Wednesday, June 30, 2010

Historic Zoning Comm wins Ransom School Case

Yesterday, the Davidson County Chancery Court issued a decision in an interesting historic zoning case. The owner applied for a certificate of appropriateness and because the base zoning had reduced the number of permitted residences (from 18 to 11), the financial viability of the project was endangered. The owner asked to be permitted to reconfigure the Ransom School here in Nashville to remove a portion of the school to make construction costs less expensive. The Commission denied the application even though it appeared to make reasonable sense.

The applicant submitted evidence tending to show that to develop the property given the current configuration of the school would raise construction costs for the project well above those in the general vicinity for similar construction.

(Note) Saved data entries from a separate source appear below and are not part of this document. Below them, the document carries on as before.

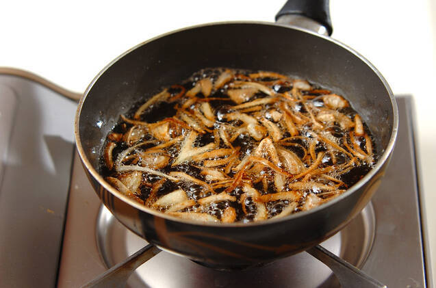 フライパンに揚げ油を160℃に熱し、(1)の玉ネギをじっくり混ぜながら揚げる。キツネ色になったら油をしっかりきる。続けてチリメンジャコもカリッとなるまで揚げ、しっかり油をきる。
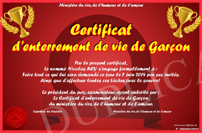 Envoyez par email votre Certificat d'enterrement de vie de Garçon personalisé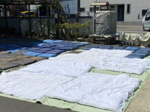 今日は清掃奉仕で、毎年恒例の布団干しをしました。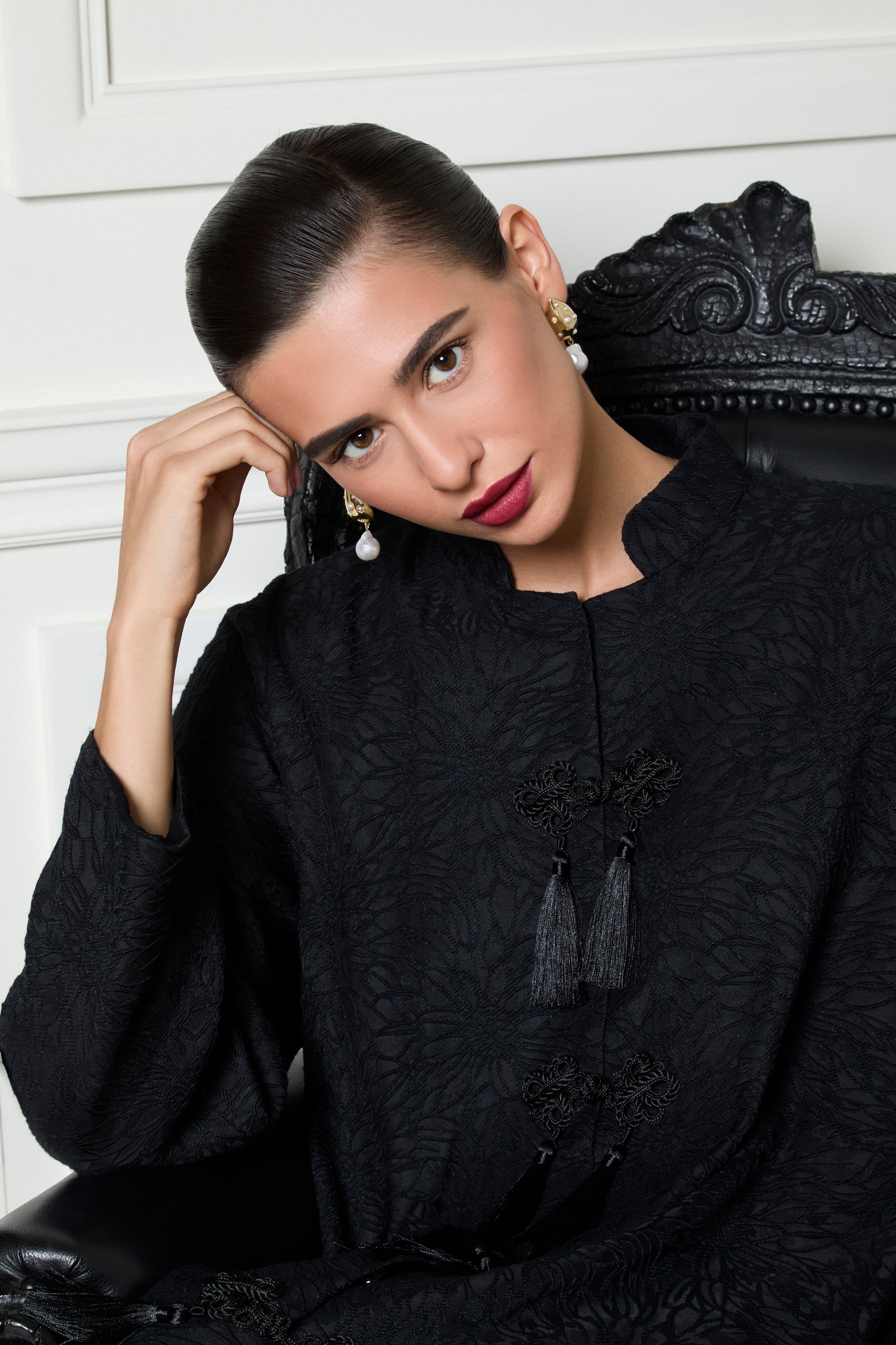 عباية أنيقة من قماش الجاكار الأسود المورّد بتصميم يجمع بين الأصالة واللمسة العصرية. تزينها أزرار ستايل صيني مع كركوشة تضيف لمسة فنية مميزة، مع ياقة مرتفعة أنيقة تكمل جاذبية التصميم. قطعة تعكس الرقي والفخامة في كل تفصيلة.

The staff and a majority of the Commission was not convinced that the construction estimates were accurate, citing examples that they thought were too high. However, no other estimates were forchcoming so that the only real evidence was that of the applicant.

The technical legal issue has to do with the amount of proof needed to show an economic hardship. Given the Court's decision, it appears that the Commission need not have any hard numbers to justify its decision but can instead simply cast doubt upon the applicant's proof. Ordinarily, in the absence of contrary evidence, that is not sufficient. If the case is appealed, it will be interesting to see what the Court of Appeals thinks under these circumstances.